A good friend recently told me, “Helen, you need to set sleep goals… and chase them down.”
Look, we all have those times in our lives, in our year, where the going gets tough, the stress piles on and it’s everything you can do to put one foot in front of the other.
Me last week.
I tried my very first jury trial last week. Both the week leading up to the trial and the week of the trial were pretty crazy. Hence, why you haven’t heard from me in a while.
We’re talking non-stop. Straight adrenaline. Pretty much living, breathing, eating, sleeping trial prep. You don’t have to be a lawyer to understand – we all experience days and weeks like this for various work and un-work-related reasons. You get it.
These are the times when the three most important things: sleep, nutrition and exercise, go by the wayside. But these are the times when sleep, nutrition and exercise, are truly the most important things.
During stressful times, don’t let the three most important things go. Make them a priority.
The past several weeks, I was determined, for the sake of the trial, the sake of this blog, to keep sleep, nutrition, and exercise alive and well.
I did it.
Okay, it was hard.
Wish I could write a long post about sleep, nutrition and exercise, with a header and a to-do list for each one. But it would be just a blog post. Not reality.
When under stress (and even when not) most of us just do the best we can with what we are handed each day.
And you know what?! THAT IS OKAY!
Do the best you can! But don’t cut your health short.
During stressful times, if you can squeeze in seven hours of sleep, you’re on the right track.
If you can get seven hours of sleep and log a 30-minute workout. Even better.
If you can get seven hours of sleep, log a 30-minute workout and pack your lunch with something you made in your kitchen. You’re crushing it.
If you can get sleep, exercise and cook enough dinner on Sunday night to last you through the week, so you don’t have to deal with it when you come home starving two hours later than planned… you’re a rock star.
If you feel like you can’t do any of these things, think again. You can. Sleep, nutrition, exercise. Do the best you can, but make it a priority.
I did the sleep and the workout every day of the trial. That was crucial. On the last day, the morning of my closing argument, I woke up exhausted. I knew I’d benefit from 30 more minutes of sleep. But I also knew if I didn’t get out there and sweat for at least 30 minutes, I’d be a nervous wreck in the courtroom come 9 a.m.
So, I threw off the covers, laced up my shoes and ran.
I did not pack a lunch with something I made in my kitchen. We ate sandwiches from Great Harvest pretty much every day. But hey, it wasn’t Hardee’s. I did make myself cook enough dinner Monday night to have leftovers Tuesday night – a crucial move.
Bottom line, there is no rhyme or reason to getting through stressful times. Main thing is to listen to and take care of your body.
And, if you must have a few takeaways:
- Make sleep a priority. Or as my friend says, set sleep goals and chase them down.
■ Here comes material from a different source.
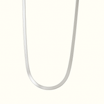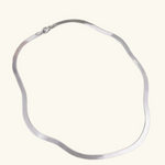 This gold-tone necklace showcases a sleek herringbone chain with a smooth, reflective finish. The flat profile lies elegantly against the skin, offering a sophisticated and modern silhouette. Ideal for solo wear or layering with other chains, this minimalist design adds a polished edge to any outfit.

- Plan your meals ahead. If you can make enough to last you a few days, you’ll thank yourself when you come through the door late, tired and hangry.
- Sweat. Make time to exercise. Even if just 20 to 30 minutes. You know it helps. Just do it.
And when you get through the thick of it. When the craziness and the stress die down. That’s when you rest. That’s when you sleep that good sleep.
In the meantime, do the best you can. Work hard, hustle through it. But take care of you. And keep the three most important things, the most important things.
See you out there.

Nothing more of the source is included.